Here, the Court of Special Appeals agreed with the determination of the trial judge that Ofc. McBride wasn’t fakin’ it by dragging out the writing of the citation in order to allow Simon’s scan to take place.

III. No Probable Cause to Search the Vehicle as Simon Failed to Alert

The appellant next argued that under the totality of the circumstances, there was no probable cause to search the Impala as Simon had failed to positively alert on the vehicle. Once again, Steck was attempting to traverse a bridge over troubled water and found no relief with the Court of Special Appeals.

The Court noted that the Supreme Court has consistently held that a police officer “has probable cause to conduct a search when the facts available to the officer would warrant a person of reasonable caution in the belief that contraband or evidence of a crime is present.” Florida v. Harris, 568 U.S. 237, 243 (2013).

Maryland law is also clear that when a drug detection dog alerts on a vehicle to the presence of narcotics, probable cause exists to conduct a warrantless “Carroll” search of the vehicle. Stokeling v. State, 189 Md. App. 653, 664 (2009).

The Court then cited Eighth and Tenth Circuit Appellate cases holding that probable cause exists even in situations in which drug detection dogs failed to provide a  final, trained alert,  just as long as they exhibit behavior consistent with positive drug detection. (United States v. Holleman, 743 F. 3d 1152 (2014); United States v. Parada, 577 F. 3d 1275 (2009)).

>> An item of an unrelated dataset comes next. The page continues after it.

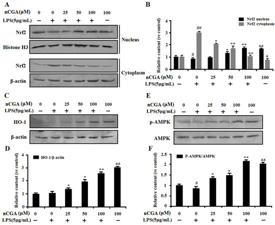 Effects of nCGA on regulation of Nrf2 and AMPK against LPS-induced inflammatory responses in A549 cells. Cells were pretreated with or without various concentrations of nCGA (0, 25, 50, 100 μM) for 2 h before incubation with LPS (5 μg/mL) for another 24 h. (A,B) The nuclear and cytoplasmic Nrf2 were measured by Western blotting and the quantitative analysis were performed by normalization with Histone H3 and β-actin, respectively. (C,D) Western blot analysis showed the protein expression level of HO-1 was normalized with β-actin. (E,F) To investigate the effect of nCGA on AMPK signaling pathway, the level of p-AMPK was determined by Western blot analysis. The values represent the mean ± SD of three independent experiments, significant differences between different groups. # p < 0.05, ## p < 0.01 vs. control group, * p < 0.05, ** p < 0.01 vs. LPS alone, & p < 0.05, && p < 0.01 nCGA treated group vs. control group.

In the case at hand, the Court opined that when determining whether Simon’s conduct provided a sufficient basis for probable cause to enable a warrantless car search, the credibility of the dog’s handler and other witnesses on the scene is key. Slip Opinion @19.  The Court noted that the trial judge specifically commented on the compelling nature of Deputy Larmore’s testimony, and of its finding that the dog’s behavior was consistent with the presence of drugs. The COSA determined that the probability that a search might reveal contraband, based on Simon’s scan – which was consistent with the presence of narcotics – amounted to probable cause and thus justified the search. Deputy Larmore’s explanation for Simon’s behavior was very reasonable and was recognized to be totally consistent with the dog’s behavior when he’s “in the odor” of narcotics and that it provided a credible explanation as to why Simon went “back and forth” between the vehicle and its prior occupants sitting on the curb.

Conclusion

Steck v. State provides a good overview of Maryland law related to traffic stops, detentions and searches. It serves as a refresher for what is required to effectuate a stop; how long the initial stop can last; what is necessary to extend the stop beyond its initial purpose; and when the stop can blossom into a search.

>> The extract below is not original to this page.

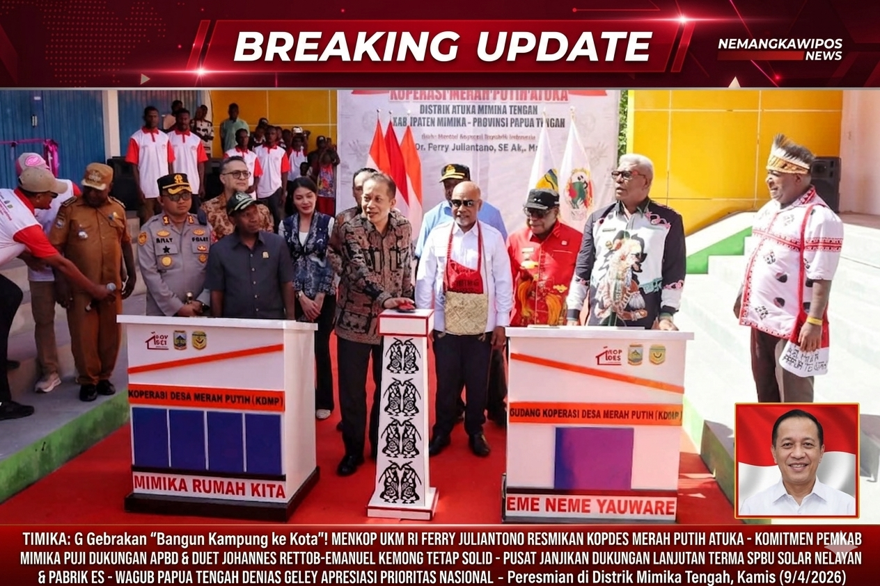 TIMIKA, Nemangkawipos.com – Visi besar “Bangun Kampung ke Kota” yang diusung Pemerintah Kabupaten Mimika terus menunjukkan progres nyata. Langkah strategis penguatan ekonomi pesisir ditandai dengan peresmian Koperasi Desa (Kopdes) Merah Putih di Kampung Atuka, Distrik Mimika Tengah, Kamis (9/4/2026).

Lest anyone think I’m crazy after all these years, thanks to K-9 Simon, I took this opportunity to pay homage to a great American poet and musical artist (and one of my favorites) – Paul Simon –  by including references to a number of his songs. How many did you spot?

Postscript

This case provided an additional interesting (yet horrific) twist: Between the time Officer Jubilee activated his emergency equipment and Roach finally brought the Impala to a stop, the front seat passenger apparently swallowed a baggie of cocaine. Later, while in custody, the baggie ruptured and the subject died of cocaine intoxication. 

AS ALWAYS, PLEASE CONSULT WITH YOUR LOCAL STATE’S ATTORNEYS’ OFFICE WITH ANY SPECIFIC QUESTIONS REGARDING THE SUBJECT MATTER HEREIN.

Notes:

* What makes this case truly unique is the name of the canine – “Simon.” Simon is that rarest of rarities: a police dog that doesn’t sport an aggressive, menacing moniker such as “Bear, “Diablo,” ”Fang,” “Killer” or “Snots.” While Simon’s actual breed is not indicated in the opinion, here’s hoping he was a Boxer. Cecilia is a nice name for a dog.

** Dep. Larmore and Simon were part of a planned drug interdiction enforcement patrol, thus explaining his ready availability.